Single by Lauren Daigle
- Written: 2015
- Released: July 31, 2025
- Length: 3:58
- Label: Centricity Music
- Songwriters: Busbee; Jonas Myrin; Lauren Daigle;
- Producer: Austin Davis

Lauren Daigle singles chronology
| "Desperate" (2025) | "Let It Be a Hallelujah" (2025) |  |

Music video
- "Let It Be a Hallelujah" (lyrics) on YouTube

= Let It Be a Hallelujah =

2025 single by Lauren Daigle

"Let It Be a Hallelujah" is a song recorded by the American pop musician Lauren Daigle. "Let It Be a Hallelujah" was released on July 31, 2025, via Centricity Music. It was written by Busbee, Jonas Myrin, and Daigle, while production was handled by Austin Davis.

==Release and promotion==
"Let It Be a Hallelujah" was first released on July 31, 2025, exclusively to K-Love radio stations. The following day, it was released to digital download and streaming formats. The song was supported with the release of a lyric video.

==Composition==
===Style===
"Let It Be a Hallelujah" is a string‑rich worship power ballad. Lindsay Williams of K‑Love described it as a "moving, string‑laden ballad" that carries the emotional weight of Daigle's early work while reflecting her artistic growth over the past decade. The 2025 recording was produced by Austin Davis, who helped Daigle re‑imagine the original 2017 demo for the 10th‑anniversary edition of How Can It Be. According to Williams, the track "pulls from time periods of long ago while also being a present time stamp", containing a combination of both older and modern production elements. The song's arrangement emphasizes melodies, strings, and vocals.

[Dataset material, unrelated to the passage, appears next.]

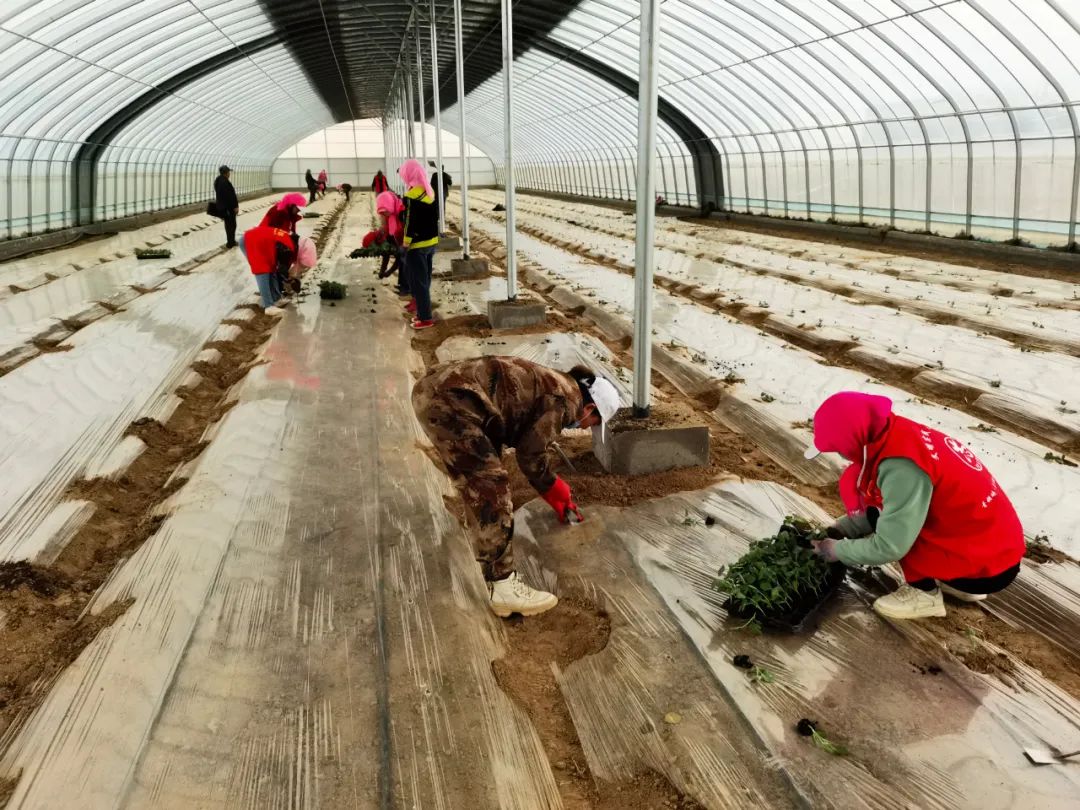 3月15日,在袁滩村西瓜种植大棚里,十多名村民正忙碌着定植西瓜苗,栽苗、浇水,现场一派繁忙景象。新栽植好的西瓜苗生机勃勃,孕育着丰收“新希望”。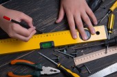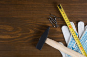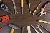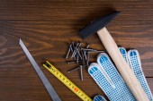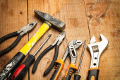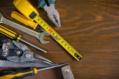 Narzędzia budowlane starym wyjadaczem na powierzchni drewnianych

The track contains "vertical lyrics, soaring melodies, and [Daigle's] signature vocal tying it all together", while concurrently being "sonically and lyrically moving", with a polished, emotive production.

===Development===
Daigle wrote "Let It Be a Hallelujah" in 2015, shortly following the release of her debut studio album, How Can It Be. She had not released it then and waited until 2025 to do so because she "didn't necessarily understand the weight of this lyric back then". The song never made it onto an album and had overall been forgotten entirely. In 2025, Daigle had wanted to release material in celebrationHow Can It Be's tenth anniversary, and it was suggested by her label that she select "Let It Be a Hallelujah". She also selected this song because she wanted to choose "a song that's withstood the test of time". While recording the song in 2025, Daigle collaborated with musicians who she had worked with earlier on in her career, in an attempt to "[pull] from time periods of long ago while also being a present time stamp". "Let It Be a Hallelujah" is centered on themes of praising in every season of life. The song quotes the traditional hymn, "Take My Life and Let It Be" by Francis Havergal. Daigle begins the track with the hymn's lyric:

Take my life and let it be
consecrated, Lord, to thee.
Take my moments and my days;
let them flow in endless praise.

Busbee, who wrote the song alongside Myrin and Daigle, died in 2019 of glioblastoma, a form of brain tumor. He wrote the song shortly after receiving the diagnosis.

==Reception==
===Critical===
Critics responded positively to the song's emotional sound. Digital Journal praised it as "one of her best songs of faith to date since 'You Say' ", calling it "captivating... filled with positivity and inspiration". Life 90.5 oting that it "reminds us that our praise is not bound by our circumstances". Scott Savage of Air1 described it as "a reflection on God's faithfulness" shaped by Daigle's decade‑long personal journey. Jason Witt of Air1 called it a "powerful ballad" that encourages believers to choose praise even in chaos. Williams noted the song's significance as a milestone in Daigle's career, calling it a "capstone on the first 10 years" of her artistry and praising its "flawless, sincere delivery".

===Commercial===
"Let It Be a Hallelujah" debuted at number 16 on the Billboard Hot Christian Songs chart for the week of August 16, 2025, supported by an appearance at number 7 on the Christian Digital Song Sales chart that same week. The following week, the song entered into the Christian Airplay chart at number 26, and in the week succeeding that it entered the Christian Adult Contemporary chart at number 29. Over the span of six months, "Let It Be a Hallelujah" went on to top the Christian Airplay and Christian Adult Contemporary charts, while reaching a high of number 9 on the Hot Christian Songs chart.

===Accolades===
At the fourteenth annual New Release Today We Love Awards, "World on Fire" received three nominations, including Song of the Year, Pop Song of the Year, and Music Video of the Year. The results are scheduled for announcement on 22 March 2026. In 2026, Air1 listed "Let It Be a Hallelujah" at number 7 on their list of "7 Songs for Calming Anxiety". Later that year, Crosswalk.com listed the song at number 2 on their list of "Today's Top 10 Most Popular Contemporary Christian Songs".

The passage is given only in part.